The localization saga continues...

So I'm trying to support collation of chinese text in my iPhone app, and after talking to a native chinese speaker, I think I understand how the chinese do it...

Lets say you had the string 巴拉克·奥巴马 and you wanted to figure out which section of the chinese phonebook to put it in (in this example I'm ignoring firstname/lastname and just using the first character of the string)...

First you transliterate it into pinyin, which gives you "balake aobama" Then you collate based on the first character of that string: "b"

So the question is, how can I go from 巴拉克·奥巴马 to balake aobama using the iPhone SDK? It looks like the ICU library, which ships on the phone, can do this kind of transliteration, but I'm not sure if I can use it easily from my code, and even if I can, I don't know if the transliteration stuff is included in the build of ICU that comes on the phone.
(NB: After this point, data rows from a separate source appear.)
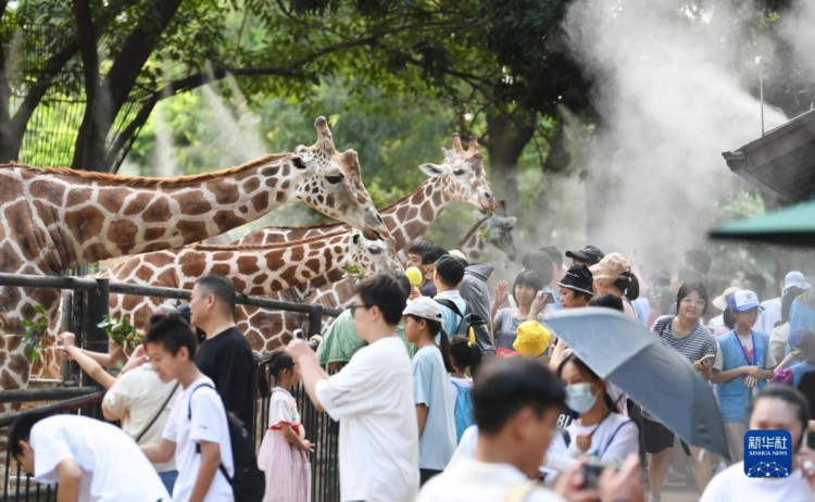 7月13日,广州动物园采用降温喷雾给长颈鹿避暑。
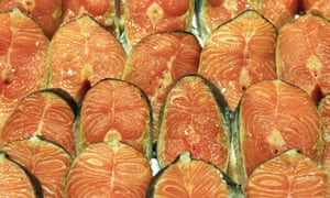 Salmon steaks at a Carrefour supermarket in Calais, France. Photograph: Gary Calton for the Observer
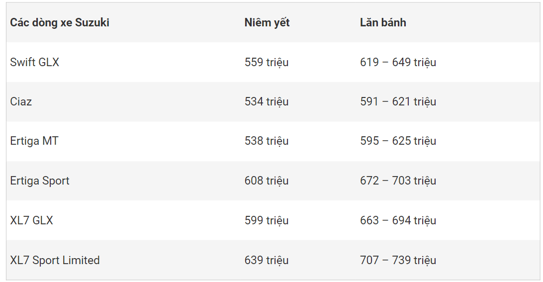Bảng giá các loại xe ô tô Suzuki tháng 11/2023
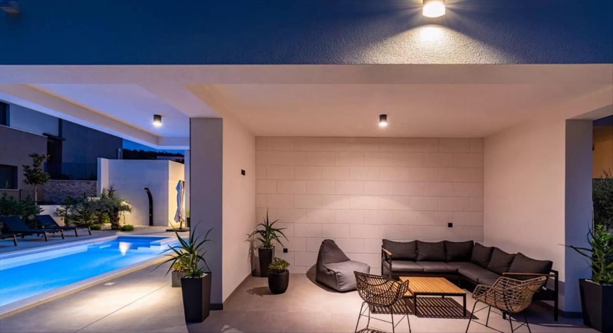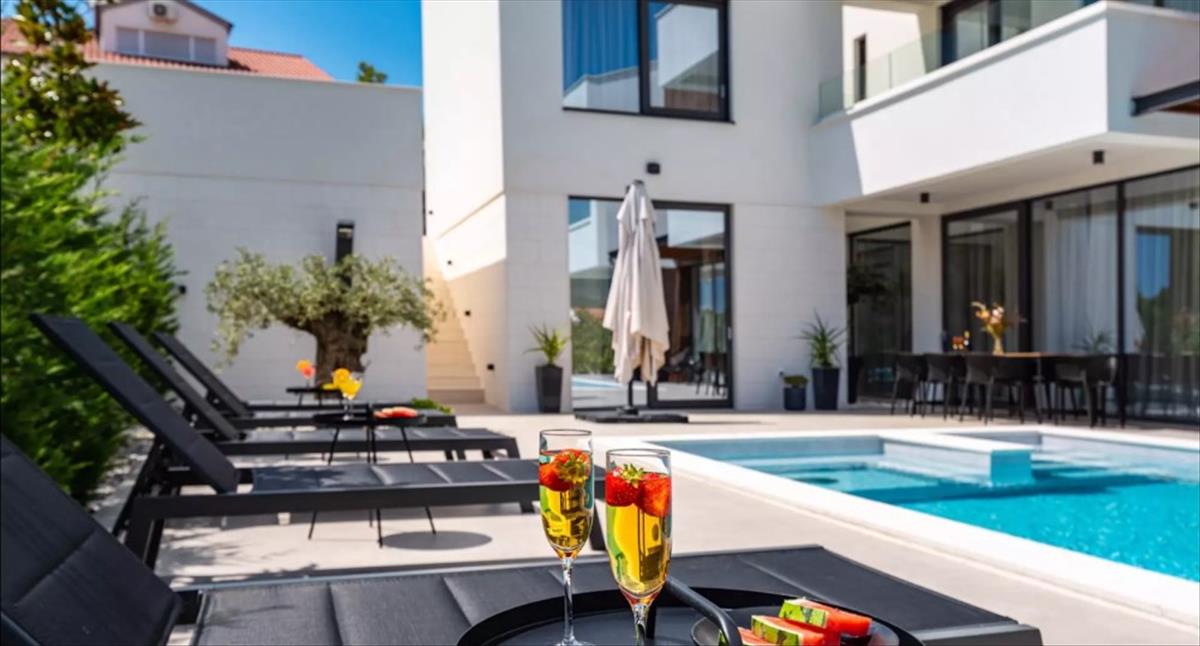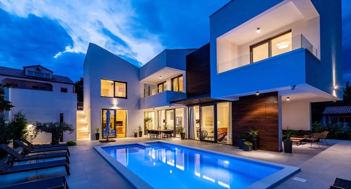 Modern és fényűző villa úszómedencével, Novigrad közelében, Zadar környékén, mindössze 160 méterre a strandtól.
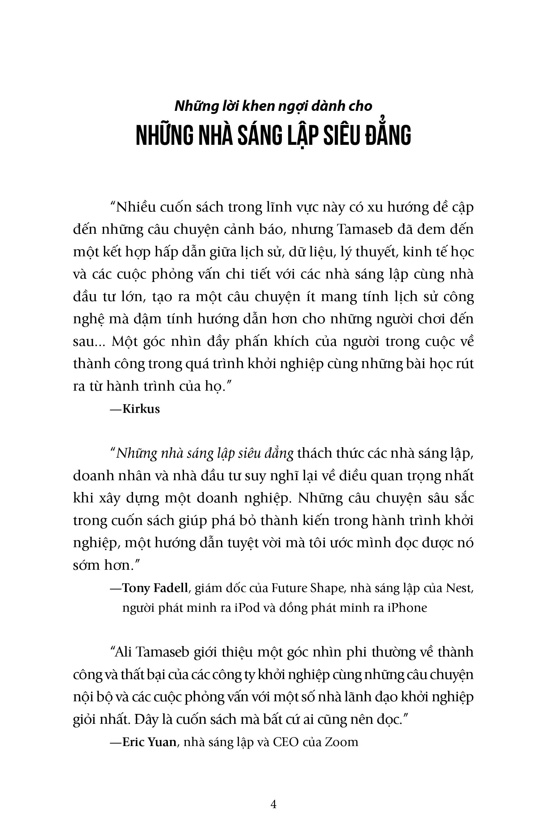 Điểm nổi bật đáng chú ý của Những nhà sáng lập siêu đẳng là tập dữ liệu có thể coi là lớn nhất từng được thu thập về các công ty khởi nghiệp, với mục đích so sánh các công ty khởi nghiệp trị giá hàng tỉ đô la với những công ty khởi nghiệp không thành công – 30.000 điểm dữ liệu trên rất nhiều yếu tố như số lượng đối thủ cạnh tranh, quy mô thị trường, tuổi của người sáng lập, xếp hạng trường đại học họ từng theo học, chất lượng của các nhà đầu tư, thời gian gây quỹ và còn nhiều hơn thế. Và những gì tác giả tìm thấy sau hàng nghìn giờ nghiên cứu và phân tích dữ liệu, trông khác xa so với mong đợi:

If ICU is a no-go, does anyone have any better ideas?

+1  A: 

You pretty well must do it with a lookup table. Remember that each hanzi character has (at least) one reading, but the connection between the character and the way it's sounded is irregular, and sometimes arbitrary.

Charlie Martin
Can you point me any references I can use to make this lookup table? I'm pretty new to this pinyin stuff...
Mike Akers
well, to some extent that's a chinese dictionary. Have a look at CEDICT: http://www.mdbg.net/chindict/chindict.php?page=cedict
Charlie Martin
A: 

Pardon my ignorance, but doesn't -localizedCompare: or -compare:options:range:locale: between two NSStrings do this collation ordering work for you?

Ashley Clark
-localizedCompare isn't doing the Right Thing here. I'll check out -compare:options:range:locale:
Mike Akers
A: 

In recent versions of the iPhone SDK (3.0 and later,) the UILocalizedIndexedCollation class can do collation for chinese and all other languages supported on iPhone.